A Refinement Calculus for Tuple Spaces
It is fairly accepted that the realization of complex systems must
be accomplished step by step from the initial specification, through a
sequence of intermediate phases, to the final program. These
development steps, linking a preliminary version, or description, of
the program to a more detailed one, are usually called
refinement steps, while the intermediate stages of a refinement
process are called levels of abstraction.
A refinement calculus is a means to support this modus operandi
in program development, allowing to link different levels of
abstraction: it introduces a precise relation between intermediate
descriptions, and the rules to check whether the relation is
satisfied.
Tuple space languages are concurrent languages, that foster the
definition of autonomous entities of computation (the processes), and
offer mechanisms for their synchronization and communication. In
particular, they represent one of the most acknowledged models of
coordination.
Tuple space languages are based on the idea that a dynamic collection
of tuples can act as shared state of concurrent processes, and play
the role of coordination media among them.
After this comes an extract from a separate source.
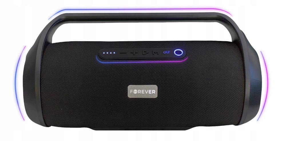 Boost od Forever stworzono na kształt kultowego boomboxa z lat 80. i 90. Obudowie nadano nowoczesnego szyku i elegancji. Głośnik jest odpowiednio duży, a komfortowy uchwyt ułatwia przenoszenie sprzętu z miejsca na miejsce. Niesamowite efekty wizualne zapewnia podskakujące w rytm muzyki podświetlenie LED. Nawet organizując imprezę w domu, poczujesz się jak w modnym klubie. Panel sterowania urządzeniem jest intuicyjny i prosty w obsłudze. Wskaźnik LED pokazuje aktualny poziom baterii, więc brak energii nigdy Cię nie zaskoczy.

To build a refinement calculus for tuple spaces, we address three
points, in this paper:
1) We single out a specification language, a variation of first order
temporal logic. Temporal relations between propositional formulae are
not expressive enough to describe relations between tuple spaces,
which are multisets of atoms. The specification language, called
Oikos-tl, includes three new temporal operators that enhance the
expressive power of the logic, permitting to directly link state
transitions and state configurations. The semantics of the
specification language is formally defined, and a set of useful
properties for refinement are shown.
2) We introduce a reference language for tuple spaces, dubbed TuSpRel,
and define its axiomatic and operational semantics. We need the
former to derive properties, the latter to describe the allowed
computations of a system. We relate these descriptions, and guarantee
that using the axiomatic semantics we can derive properties, which are
correct and complete with respect to the operational behaviour. The
non-deterministic features of tuple space languages make this result
new, and more complex than in other programming paradigms. One of the
contributions of our work is the idea to derive weakest preconditions
exploiting the demonic strict choice in non-deterministic selection.
The transition system defining the operational semantics is based on
the new notion of enabling precondition, which exploits the angelic
strict choice.
3) To build the refinement calculus, we take a compositional
approach. We first consider the basic statements of the language, and
say under which conditions they satisfy a property, then compose these
proofs to derive that a system refines a specification. Finally, in
the refinement calculus definition, we extend to tuple space languages
the ability to exploit logic formulae to specify the behaviour of
unrefined modules: in the intermediate steps, a system is only
partially written in the programming language, and the still unrefined
features are described by logical formulae.